Rhizophoraceae has 2 terrestrial genera and 4 marine genera. The intertidal zone in which marine mangroves are located is known for its low oxygen and high salinity. Marine and terrestrial genera have evolved distinct adaptive characteristics, among which viviparous reproduction is the most unique. To investigate the genetic foundations difference underlying the adaptive mechanisms of marine–terrestrial genera, we selected two species from Rhizophoraceae. Kandelia obovata is marine and viviparous, and Carallia brachiata is terrestrial and non-viviparous. We compared their transcriptome of 8 tissues (root, stem, leaf, flower, ovule, fruit, seed, embryo) and found that the mature reproductive organs (fruit, seed, embryo) of K. obovata did not reduce metabolic activity compared to C. brachiata. The reproductive organs of K. obovata were regulated by the same gene set as vegetative organs. This contrasted with C. brachiata. Eight kinds of hormone transduction genes were up-regulated in the seed of K. obovata. Finally, and most importantly, the transcriptional factors AP2 and ARF families were significantly more expressed in the reproductive organs of K. obovata than in those of C. brachiata. At the same time, the ERF family was more expressed in its roots. The findings suggested that the hormone transduction may contribute to viviparous initiation. Transcriptional factors were quite crucial for mangroves' adaptation to wetlands.

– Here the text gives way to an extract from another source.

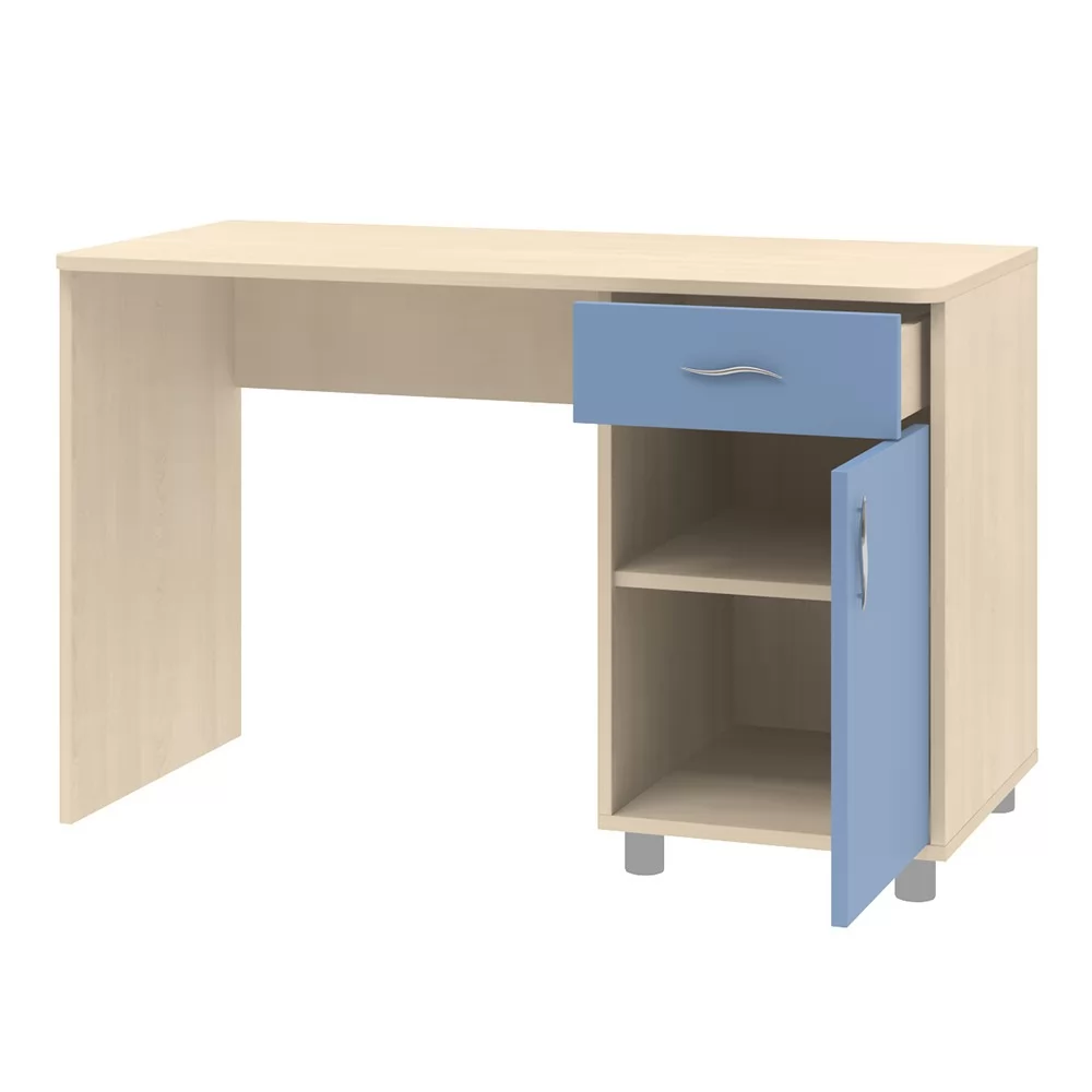 Письменный стол - это удобное рабочее место для детской комнаты. Этот предмет мебели включает в себя вместительный выдвижной ящик, а также за распашной дверью полка, на которых удобно хранить книги и канцелярские принадлежности. Стол универсальный, поэтому при сборке можно выбрать левое или правое расположение тумбы.

Reverse transcription (RT) was performed with 1 μg total RNA isolated from three independent biological replicates per species using 5X All-In-One RT MasterMix (ABM, Canada). The reaction procedure is as follows: incubate at 25 °C for 10 minutes, then incubate at 42 °C for another 15 minutes, and inactivate the reaction at 85 °C for 5 minutes. First-strand cDNA was diluted to 200 ng/μL as a quantitative template. The relative quantification was done by ChamQTM Universal SYBR® qPCR Master Mix (Vazyme, China). The reaction system was 10 μL 2 x SYBR Green PCR Mix, 0.5 μL upstream primer, 0.5 μL downstream primer, 8 μL H2O. RT-qPCR was performed on the above mixture, and the reaction procedure was as follows: 95 °C, 30 s; 95 °C, 10 s; 58 °C, 10 s; 72 °C, 20 s, and 40 cycles. Actin was selected for the reference gene. The relative expression of the target gene was calculated by the 2−ΔΔCt method.